= Beginning of Section =

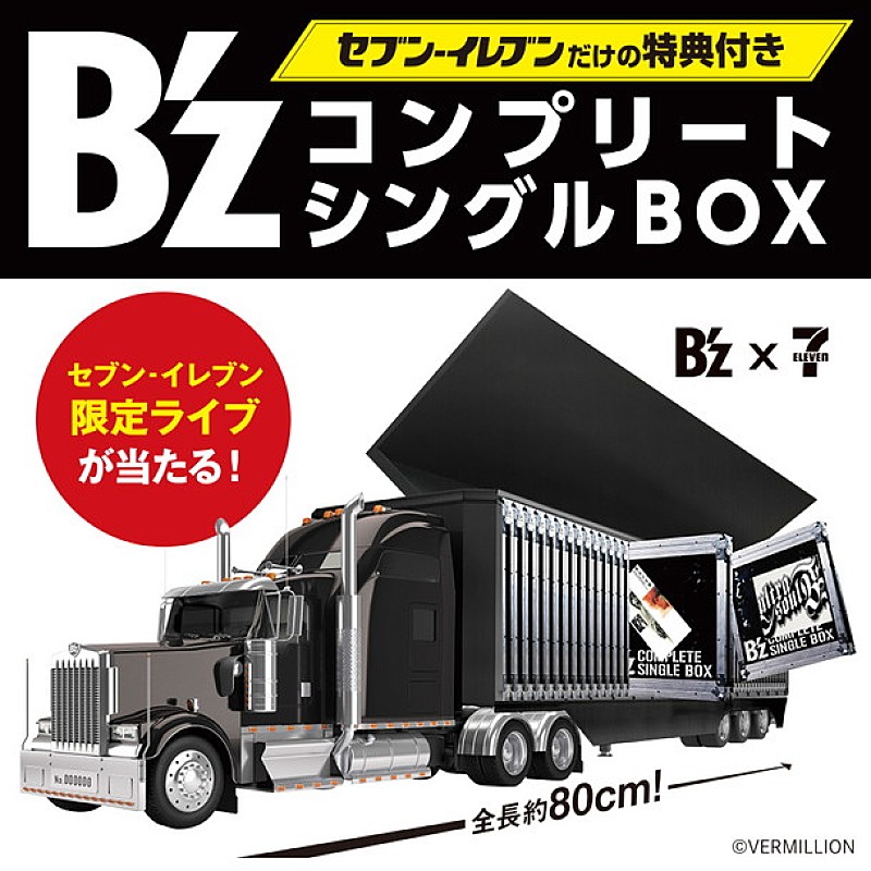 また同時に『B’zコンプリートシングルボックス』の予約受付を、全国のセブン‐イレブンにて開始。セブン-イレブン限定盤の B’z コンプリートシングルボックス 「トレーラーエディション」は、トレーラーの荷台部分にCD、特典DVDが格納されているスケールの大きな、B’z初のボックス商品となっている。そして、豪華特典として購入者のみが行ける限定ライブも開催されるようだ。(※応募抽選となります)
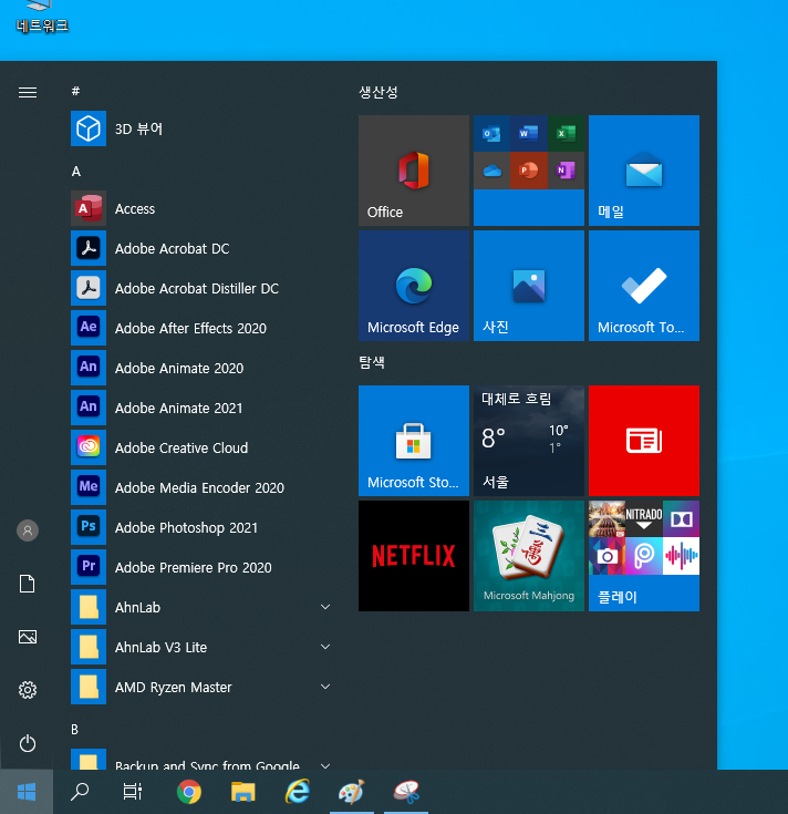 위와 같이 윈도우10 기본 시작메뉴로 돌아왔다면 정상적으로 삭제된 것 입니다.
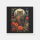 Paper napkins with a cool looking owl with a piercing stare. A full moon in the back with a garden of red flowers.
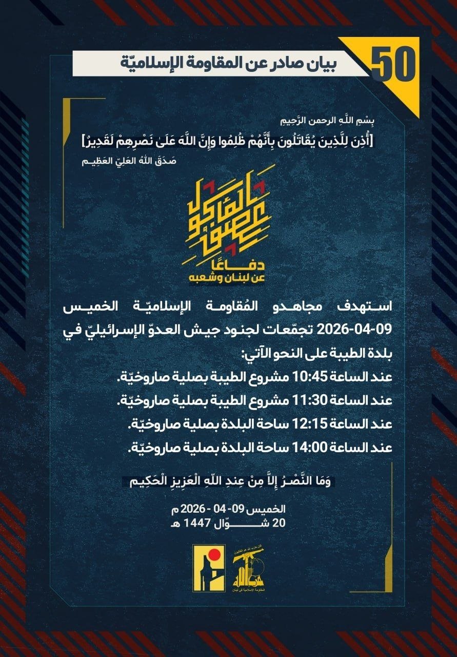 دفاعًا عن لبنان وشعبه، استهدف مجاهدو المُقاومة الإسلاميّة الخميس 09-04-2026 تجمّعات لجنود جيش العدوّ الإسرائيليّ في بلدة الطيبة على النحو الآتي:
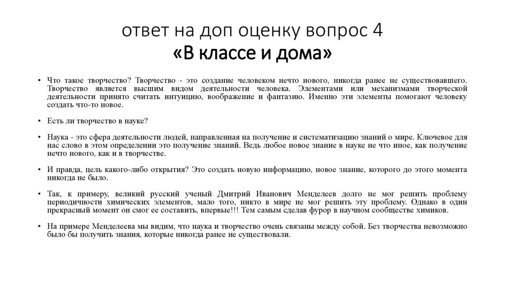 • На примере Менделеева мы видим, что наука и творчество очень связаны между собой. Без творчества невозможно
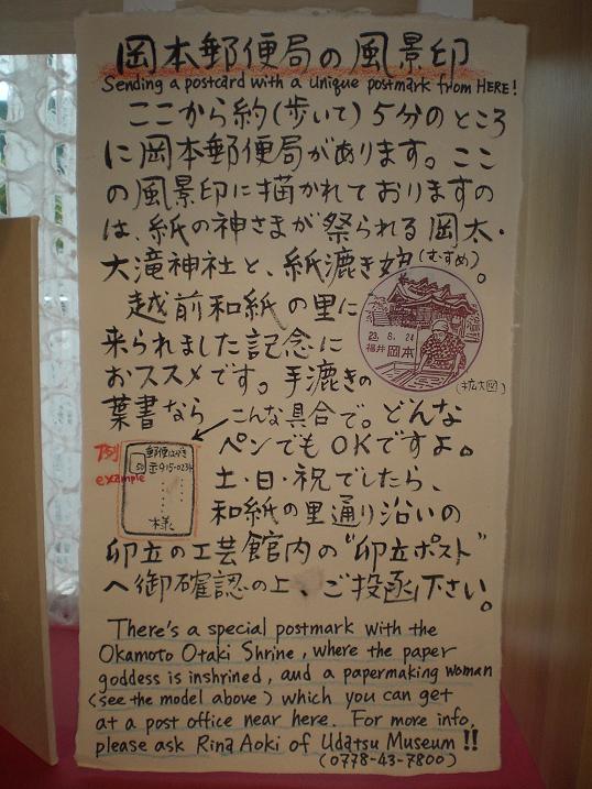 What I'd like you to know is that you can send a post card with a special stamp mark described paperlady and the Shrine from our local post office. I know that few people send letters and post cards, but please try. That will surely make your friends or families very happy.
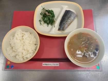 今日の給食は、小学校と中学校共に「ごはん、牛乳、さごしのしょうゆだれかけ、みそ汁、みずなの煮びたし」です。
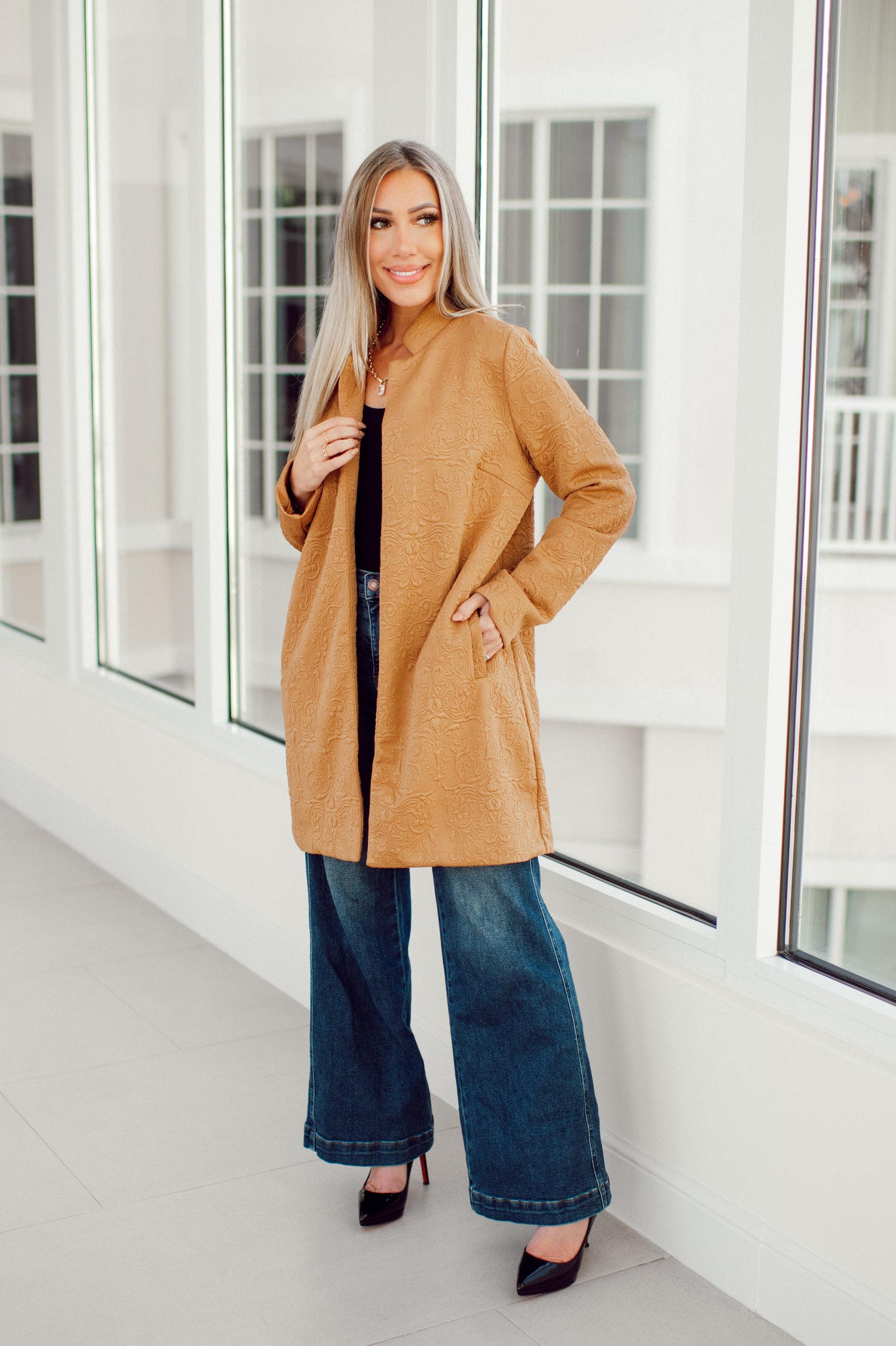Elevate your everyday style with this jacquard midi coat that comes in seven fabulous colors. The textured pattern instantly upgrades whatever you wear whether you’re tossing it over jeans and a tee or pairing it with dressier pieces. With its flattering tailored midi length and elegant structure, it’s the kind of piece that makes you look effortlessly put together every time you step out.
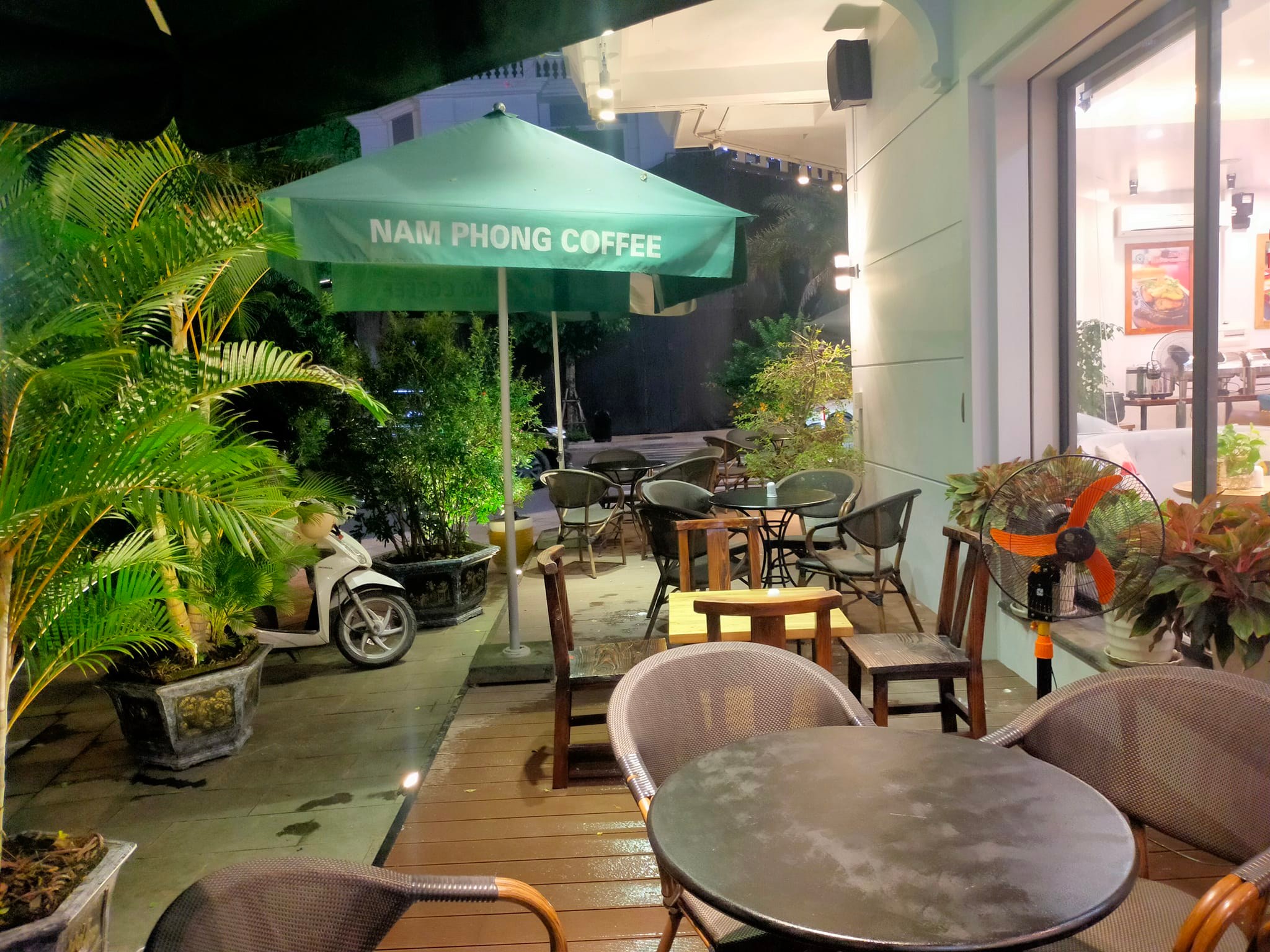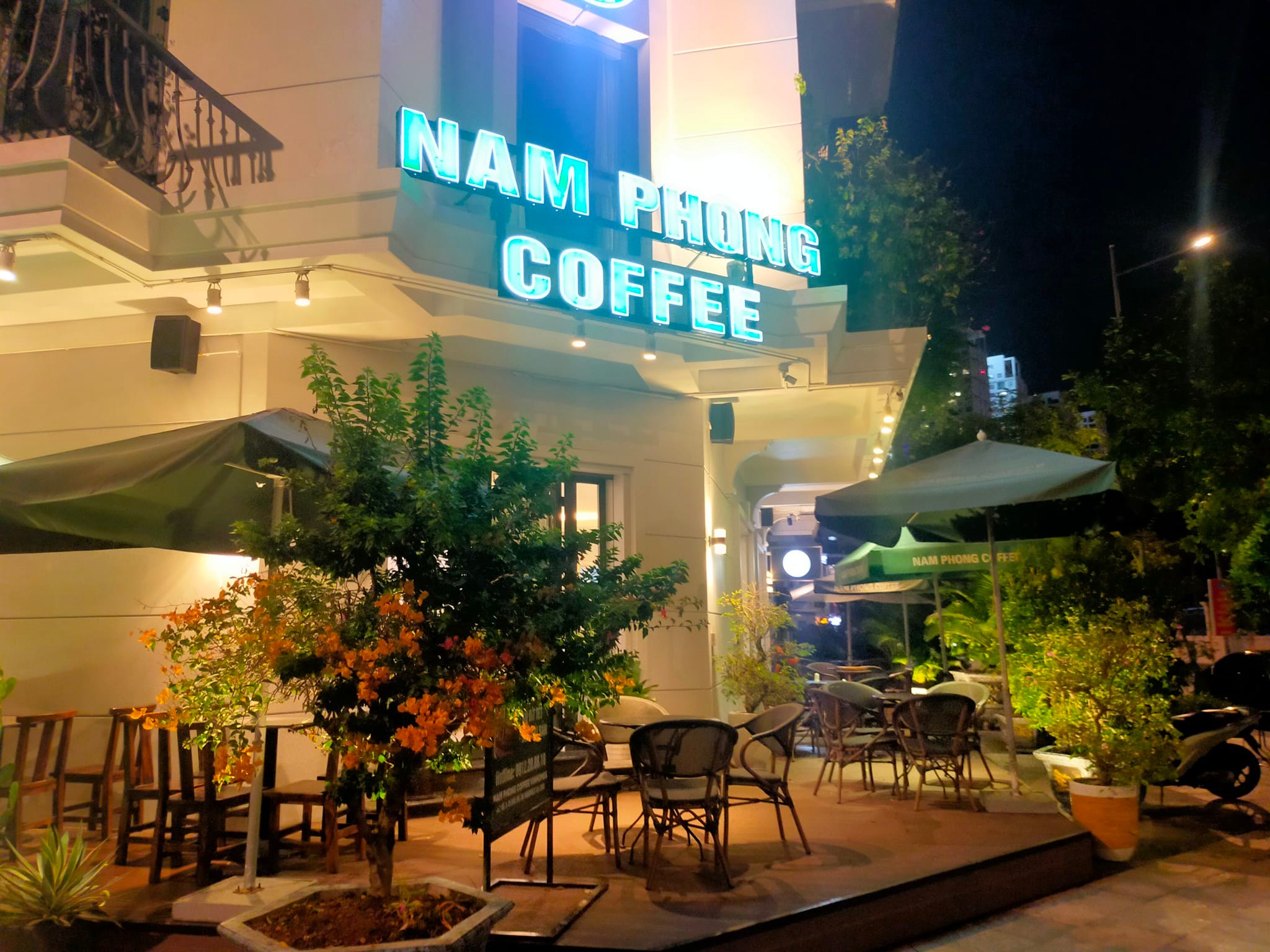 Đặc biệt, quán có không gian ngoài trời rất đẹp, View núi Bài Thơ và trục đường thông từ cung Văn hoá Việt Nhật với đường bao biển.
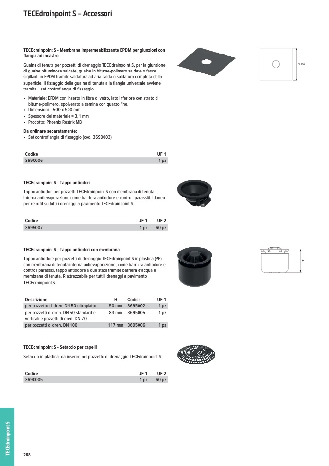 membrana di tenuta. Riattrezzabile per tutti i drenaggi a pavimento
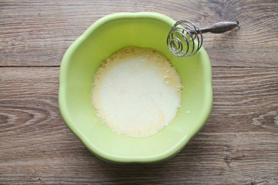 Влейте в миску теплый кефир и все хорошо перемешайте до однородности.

= End of Section =

■ Task objective ■
Reproduce the listing exactly, minus its pictures.

■ Task answer ■
 また同時に『B’zコンプリートシングルボックス』の予約受付を、全国のセブン‐イレブンにて開始。セブン-イレブン限定盤の B’z コンプリートシングルボックス 「トレーラーエディション」は、トレーラーの荷台部分にCD、特典DVDが格納されているスケールの大きな、B’z初のボックス商品となっている。そして、豪華特典として購入者のみが行ける限定ライブも開催されるようだ。(※応募抽選となります)
 위와 같이 윈도우10 기본 시작메뉴로 돌아왔다면 정상적으로 삭제된 것 입니다.
 Paper napkins with a cool looking owl with a piercing stare. A full moon in the back with a garden of red flowers.
 دفاعًا عن لبنان وشعبه، استهدف مجاهدو المُقاومة الإسلاميّة الخميس 09-04-2026 تجمّعات لجنود جيش العدوّ الإسرائيليّ في بلدة الطيبة على النحو الآتي:
 • На примере Менделеева мы видим, что наука и творчество очень связаны между собой. Без творчества невозможно
 What I'd like you to know is that you can send a post card with a special stamp mark described paperlady and the Shrine from our local post office. I know that few people send letters and post cards, but please try. That will surely make your friends or families very happy.
 今日の給食は、小学校と中学校共に「ごはん、牛乳、さごしのしょうゆだれかけ、みそ汁、みずなの煮びたし」です。
Elevate your everyday style with this jacquard midi coat that comes in seven fabulous colors. The textured pattern instantly upgrades whatever you wear whether you’re tossing it over jeans and a tee or pairing it with dressier pieces. With its flattering tailored midi length and elegant structure, it’s the kind of piece that makes you look effortlessly put together every time you step out.
 Đặc biệt, quán có không gian ngoài trời rất đẹp, View núi Bài Thơ và trục đường thông từ cung Văn hoá Việt Nhật với đường bao biển.
 membrana di tenuta. Riattrezzabile per tutti i drenaggi a pavimento
 Влейте в миску теплый кефир и все хорошо перемешайте до однородности.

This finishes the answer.